Firma sugeruje używanie lotionu przez właściciel(k)i skóry mieszanej, normalnej, suchej i bardzo suchej. Kwasy BHA dostępne są również w formule żelu (przeznaczenie: skóra mieszana) oraz płynu (skóra tłusta), możemy też wybrać niższe stężenie (1%).
Ja, ze względu na wiecznie wysuszoną skórę, zdecydowałam się na najbardziej odżywczą wersję. 

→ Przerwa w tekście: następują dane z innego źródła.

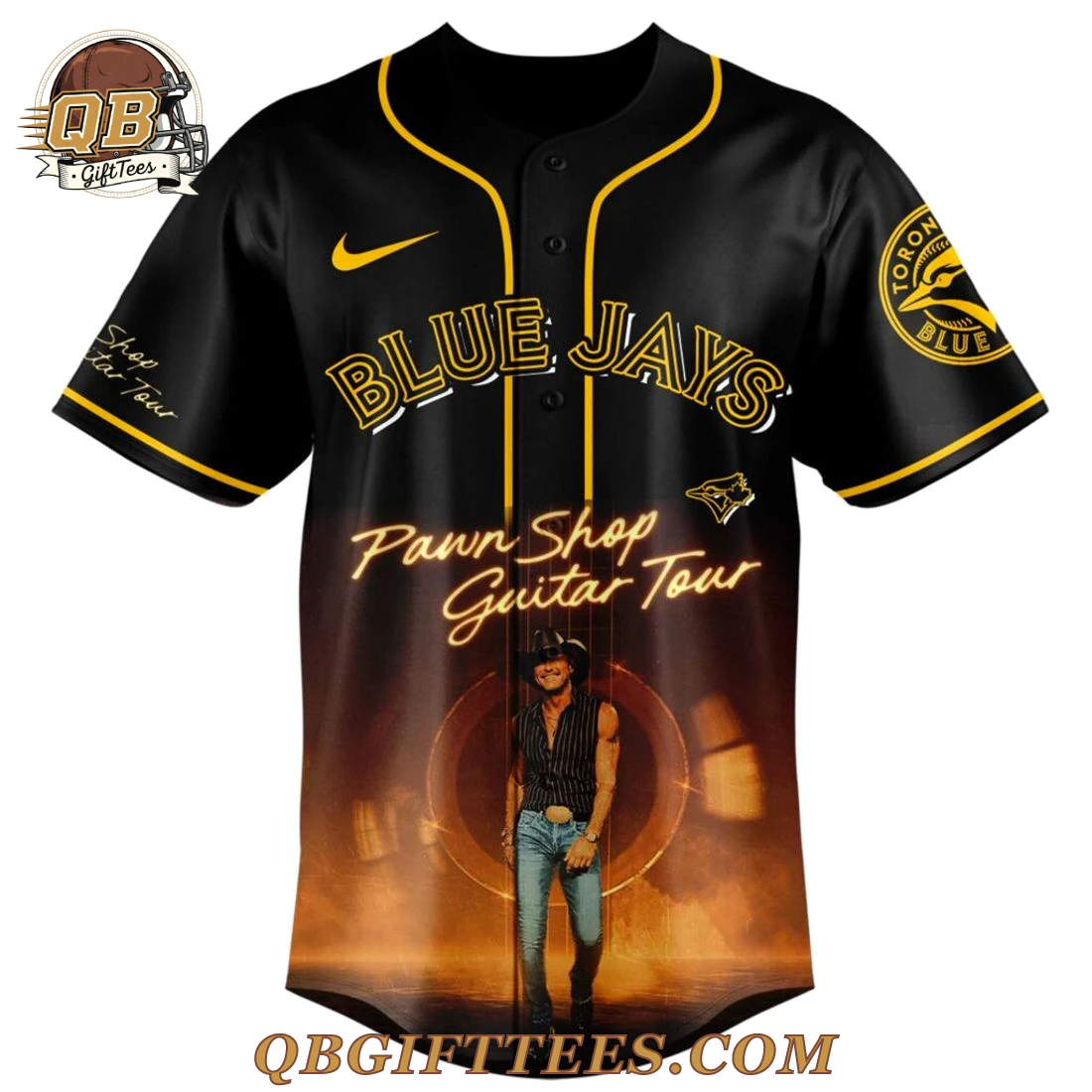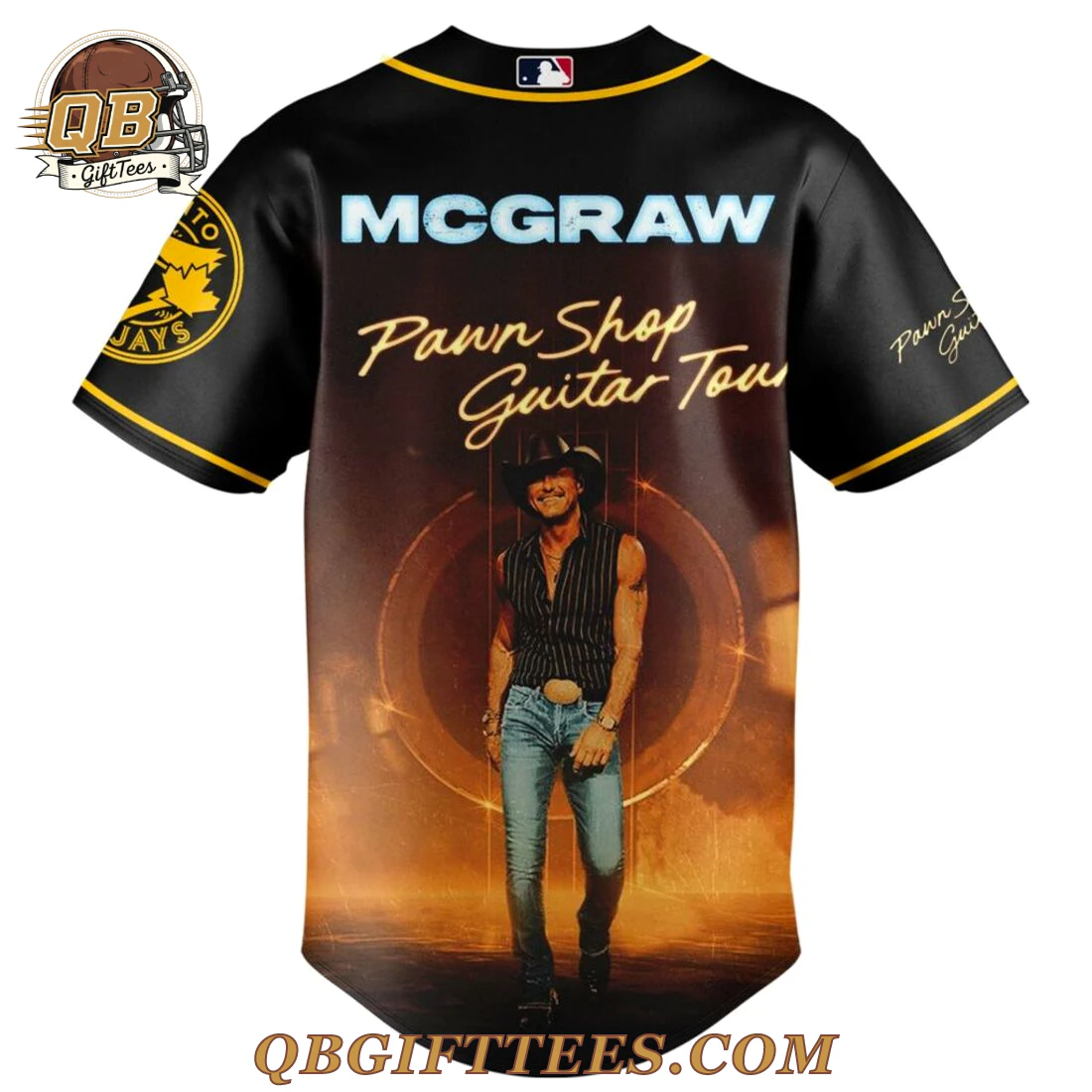 For fans who appreciate the enduring spirit of country music and the pride of baseball, the Toronto Blue Jays x Tim McGraw Pawn Shop Guitar Tour Edition Jersey offers a unique way to celebrate both passions. This black full-button baseball jersey features vibrant yellow piping along the placket, collar, and sleeve cuffs. The front showcases “BLUE JAYS” in yellow outline lettering across the chest, with a smaller Toronto Blue Jays bird logo directly below it. A yellow swoosh is visible on the right chest. Below the team branding, the phrase “Pawn Shop Guitar Tour” is presented in a flowing yellow script, accompanied by a full-body graphic of Tim McGraw in his signature style. The left sleeve proudly displays a circular Toronto Blue Jays logo with a maple leaf. On the back, “MCGRAW” is prominently displayed in white lettering with a blue outline at the top, followed by the “Pawn Shop Guitar Tour” script and another detailed graphic of Tim McGraw. The jersey is crafted from a lightweight, breathable 100% polyester fabric, designed for comfort and durability during wear.

Skład: Aqua, Cetearyl Alcohol (thickener), Squalane (emollient), Glycerin (skin-identical ingredient), C12-15 Alkyl Benzoate, Glyceryl Stearate, PEG-100 Stearate (thickeners), Salicylic Acid (beta hydroxy acid/exfoliant), Sodium Lauroyl Lactylate (emulsifier), Epilobium Angustifolium (Willowherb) Flower/Leaf/Stem Extract (anti-irritant), Camellia Oleifera (Green Tea) Extract (antioxidant), Vitis Vinifera (Grape) Seed Oil (antioxidant plant oil), Prunus Amygdalus Dulcis (Sweet Almond) Oil (non-volatile plant oil), Beta Glucan (antioxidant), Tocopheryl Acetate (vitamin E/antioxidant), Panthenol (water-binding agent), Bisabolol (anti-irritant), Xanthan Gum (thickener), Sodium Citrate (pH adjuster), Butylene Glycol (slip agent), Acacia Senegal Gum, Cyamopsis Tetragonoloba (Guar) Gum (thickeners), Tocopherol (vitamin E/antioxidant), Sodium Hydroxide (pH adjuster), Ethylhexyglycerin (skin conditioning agent), Phenoxyethanol, Sodium Benzoate (preservatives).

Cena: €21.50/118ml
Niestety, do kosztów samego produktu należy doliczyć drogą wysyłkę do Polski, €14.95 :(

I to jest jedyny minus tego produktu.
 
Otrzymujemy prawie 120ml świetnego kremu do walki z zaskórnikami i wypryskami. Formuła lotionu bardzo dobrze współpracuje z moją skórą. Może nie jest ona pięknie nasycona wilgocią, ale nie jest wysuszona, ściągnięta, nie łuszczy się i nie woła po myciu o natychmiastowe nawilżenie. Nawilża ją lepiej niż krem na noc z Pat&Rub, do którego muszę dopisać aktualizację. Najważniejsze: trzyma w ryzach moją skłonną do wyprysków skórę. Pojawiają się znacznie rzadziej, są mniejsze, szybko znikają.
Sam krem jest biały, czasem można w nim wyczuć mikro kryształki kwasu. Łatwo się rozsmarowuje, ale pozostawia na skórze maziaje, które wchłaniają się po kilku minutach. Jest wydajny, mimo skłonności do nakładania zbyt dużych ilości - po dwóch miesiącach używania wciąż mam 2/3 butelki, a używam razem z siostrą. Bezzapachowy.

Werdykt: polecam z czystym sumieniem. Przy okazji pisania notki trafiłam na informację o wrześniowej zniżce na całe zamówienie:



Kusi mnie zrobienie zapasów choć nie powinnam (o tym za jakiś czas ;) ).